Fixed and Floating Point Representation

How hardware encodes fractions and real numbers

Twos-complement integers (covered in the foundations path) handle whole numbers, but DSP, graphics and machine-learning hardware must also represent fractions and a huge range of real values. Two encodings dominate: fixed point, which is just an integer with an agreed scale, and floating point, which carries its own exponent. Choosing between them sets the area, power and accuracy of a datapath.

Fixed point: fractions without a float unit

Fixed point places an imaginary binary point at a chosen position and stores the value as a plain twos-complement integer. A Q-format label such as Q4.12 means 4 integer bits and 12 fraction bits in a 16-bit word, so the stored integer represents its value divided by 2 to the power 12. The smallest step (the resolution) is 2 to the power minus 12. Addition and subtraction are ordinary integer ops as long as both operands share the same Q format and you watch for overflow. Multiplication adds the fraction bit counts, so a Q4.12 times Q4.12 product is Q8.24 and must be shifted right by 12 to return to Q4.12.

verilog
// Q4.12 fixed-point multiply: realign the scale after multiplying.
// Each input is 16-bit signed (4 integer + 12 fraction bits).
wire signed [15:0] a, b;
wire signed [31:0] full   = a * b;        // 32-bit product, format Q8.24
wire signed [15:0] result = full >>> 12;  // drop 12 frac bits -> Q4.12
                                          // >>> is the arithmetic (signed) shift

Floating point: range over uniform spacing

Floating point trades exact, uniform spacing for enormous dynamic range. An IEEE 754 normalized number equals sign times 1.fraction times 2 to the power (exponent minus bias). The single-precision float32 format packs 1 sign bit, 8 exponent bits with a bias of 127, and 23 fraction bits, with an implied leading 1 for normalized values, so the effective precision is 24 bits. That gives about 7 decimal digits and a magnitude range from roughly 10 to the minus 38 up to 10 to the plus 38. Reserved exponents carry special meaning: an all-zero exponent encodes zero or subnormals, and an all-one exponent encodes infinity or NaN.

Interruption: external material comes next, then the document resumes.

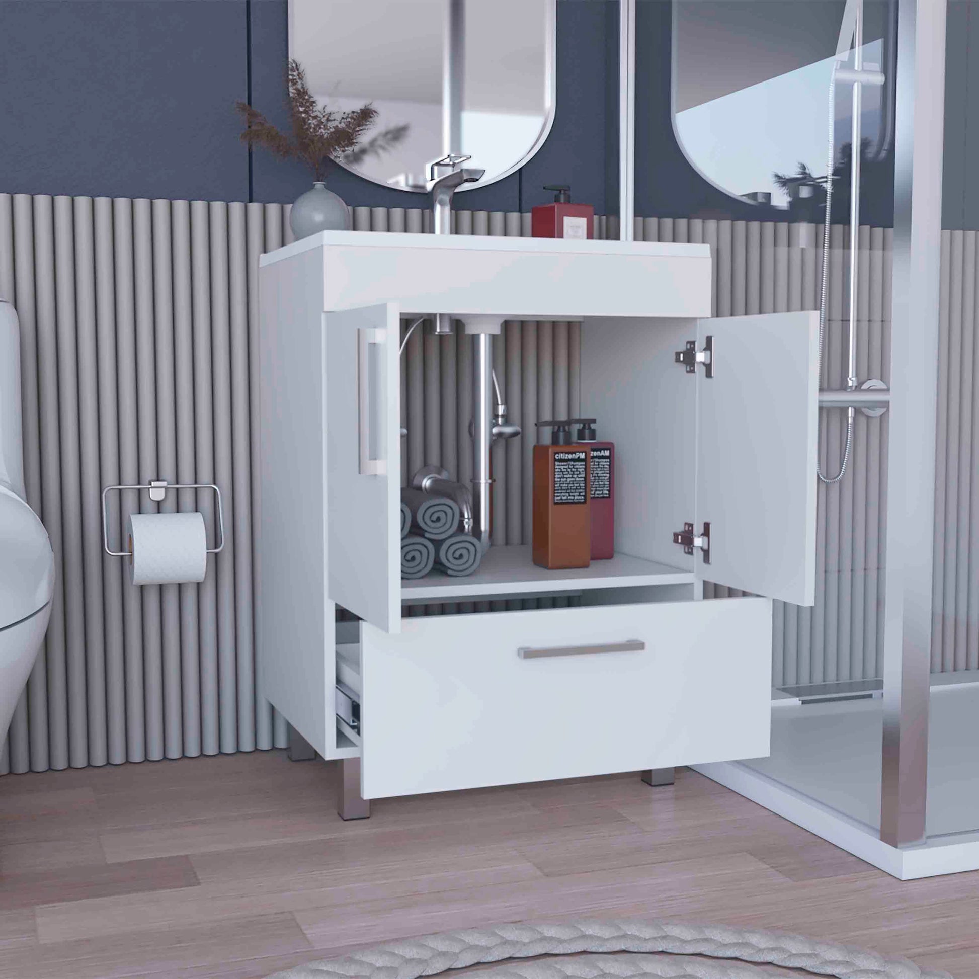 Modern White Bathroom Vanity with Double Door Cabinet and One Drawer

FormatSignExponentFractionBias
float16 (half)151015
float32 (single)1823127
float64 (double)111521023
Pro tip

for fixed point, remember that adds need matching Q formats and a multiply adds the fraction bit counts, so a Q4.12 product is Q8.24 and you must shift right by 12 to get back to Q4.12. For floats, know the float32 layout 1-8-23 with bias 127 cold; it comes up constantly.

Watch out

never test floating-point results with exact equality, because values like 0.1 are not representable and rounding errors accumulate, so compare against a tolerance instead. With fixed point, the opposite trap bites: spacing is uniform but the range is small, so a multiply or a long sum overflows easily unless you carry guard bits or saturate.